Acquisition of control of corporation
So when does an “acquisition of control” of a corporation occur?
It occurs when a person or group of persons acquires sufficient shares of the corporation to have more than 50% of the votes. However, it does not occur if the person or group already owned shares giving them more than 50% of the votes. For example, if I own 52% of the voting shares and then buy more shares to get up to 62% of the voting shares, there is no acquisition of control. Another exception to this rule generally applies where a person acquires shares from a related person. For example, if I own 45% of the voting shares of a corporation and I buy another 10% of the shares from my spouse, there is no acquisition of control.
An acquisition of control also occurs where a person acquires more than 75% of the shares of the corporation calculated by fair market value, regardless of the number of voting shares. As above, there are some exceptions. For example, if you acquire more than 75% of the shares of the corporation that you already controlled, or acquire the shares from a related person, there is no acquisition of control.

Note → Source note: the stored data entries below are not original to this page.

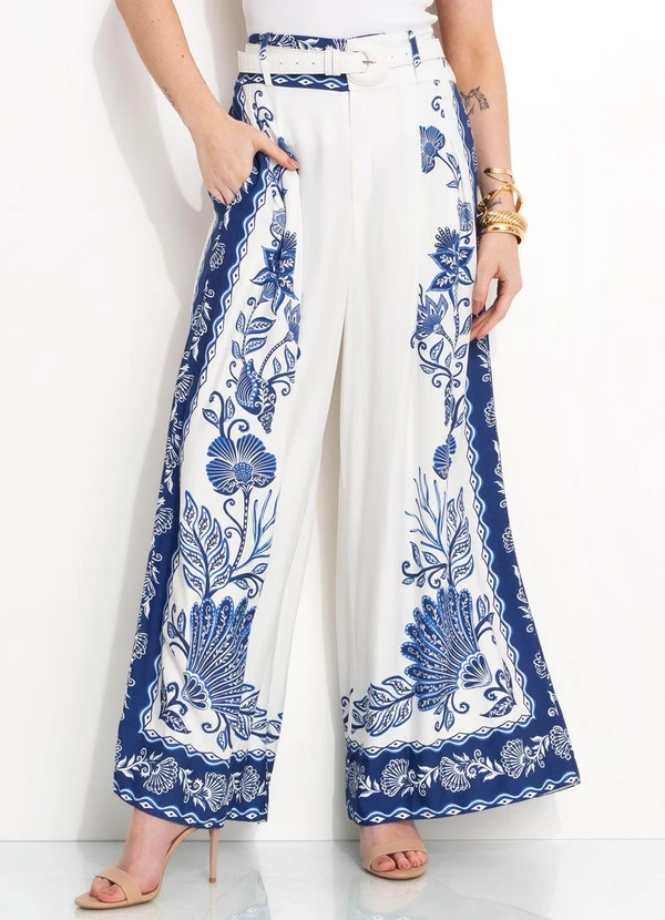 Farm - Calça Pantalona Riqueza Tropical Off White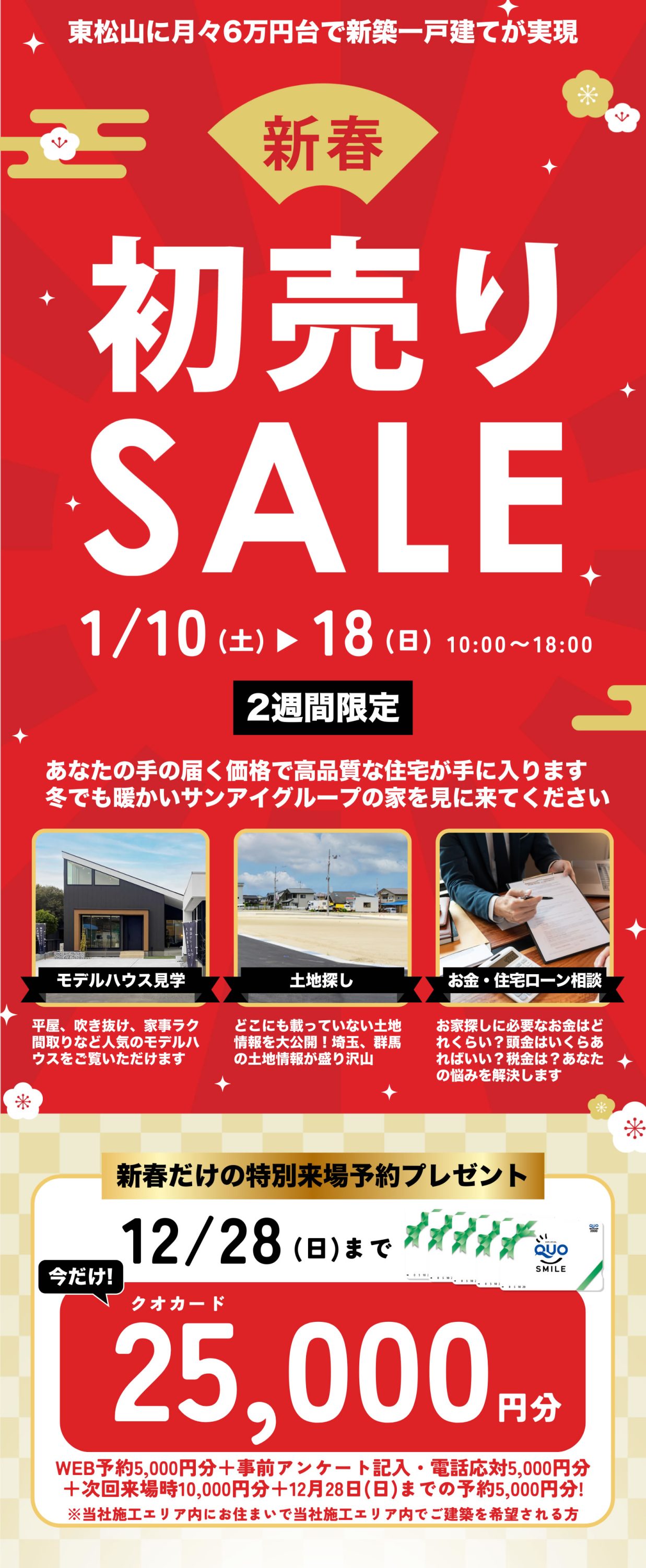 2025年12月28日(日)までにサンアイホーム東松山店で開催する「新春住まいるフェア」を予約して来場することで、通常プレゼントしている10000円分のクオカードを25,000円分にしてお渡しします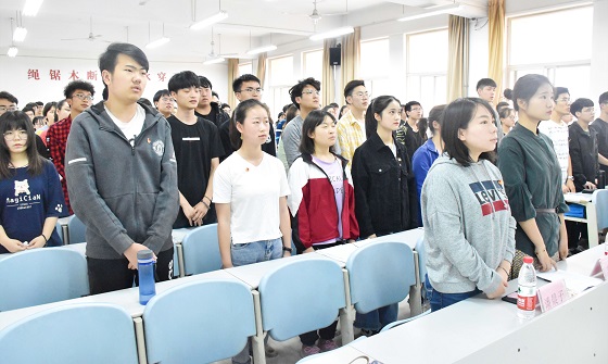 方菲老师对本次活动主旨进行介绍后宣布表彰大会正式开始。大会第一项,全体起立,奏唱团歌。

Acquisition of control of trust
An acquisition of control of a trust occurs when a person becomes a “majority-interest beneficiary” of the trust, or a group of persons becomes a “majority-interest group of beneficiaries” of the trust. (The acquisition of control is technically called a “loss restriction event”.) Generally speaking, this means acquiring more than 50% of the income interests or capital interests in the trust based on their fair market value. As with the corporate rules, there are exceptions. For example, if you are already a majority-interest beneficiary and acquire a larger interest in the trust, there is no acquisition of control. Also, if you acquire an interest from an “affiliated person” (similar to but not quite the same as “related person”), there is no acquisition of control.